TASK GOAL:
Set each line of the material below down word for word, from the first through the line that holds "All staff and", but not the pictures.

INFORMATION SHOWN:

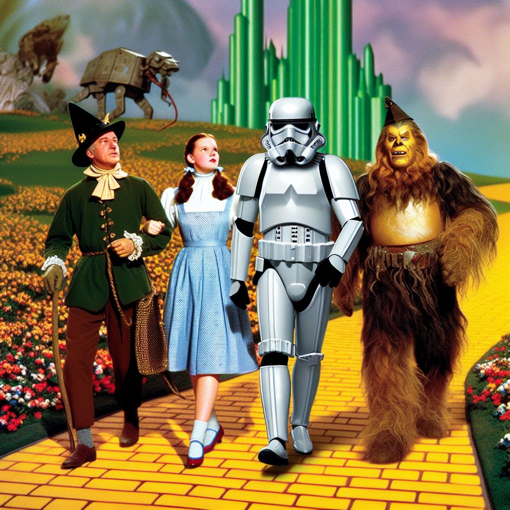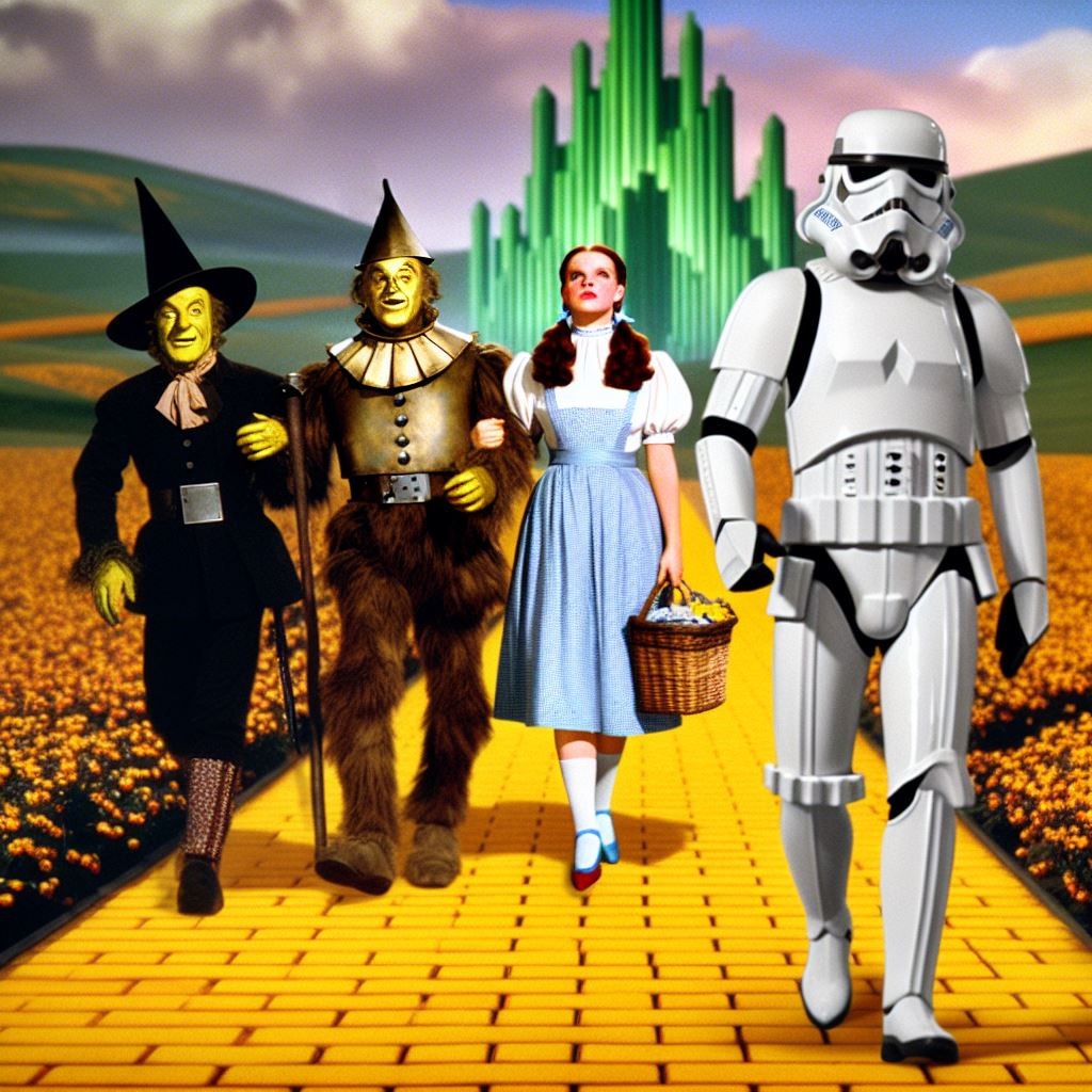 240.8 KB 1024 x 1024 | Oct 5 2024 10:16 AM CST | Dorthy can forget the oil can. Just find the StormTrooper some target practice. | ||
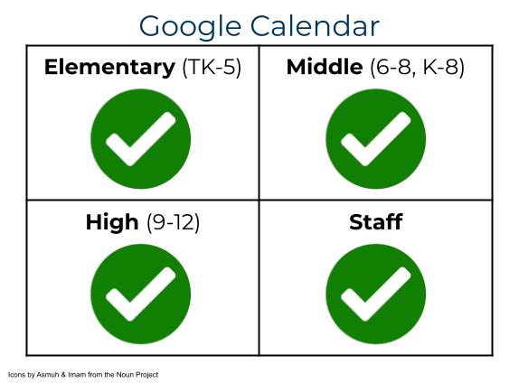 All staff and students in SFUSD have access to Calendar to create events and RSVP to events. Only SFUSD staff can add Meet links to a calendar event, but students can join Meets created by a staff member.
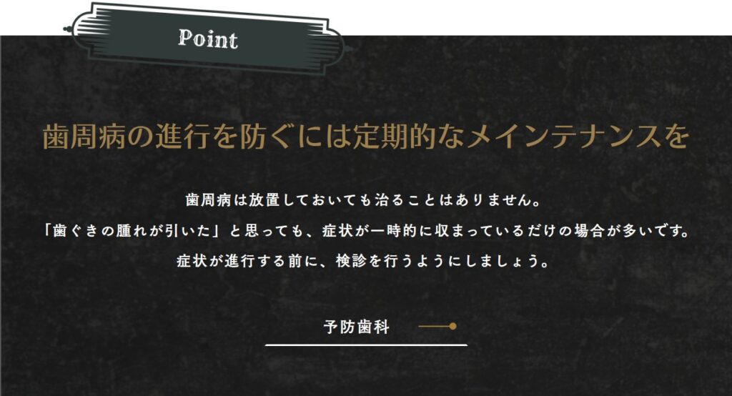 歯周病は毎日の正しい歯磨きなどの予防と早期発見・早期治療が重要です。

ANSWER BELOW:
 240.8 KB 1024 x 1024 | Oct 5 2024 10:16 AM CST | Dorthy can forget the oil can. Just find the StormTrooper some target practice. | ||
 All staff and students in SFUSD have access to Calendar to create events and RSVP to events. Only SFUSD staff can add Meet links to a calendar event, but students can join Meets created by a staff member.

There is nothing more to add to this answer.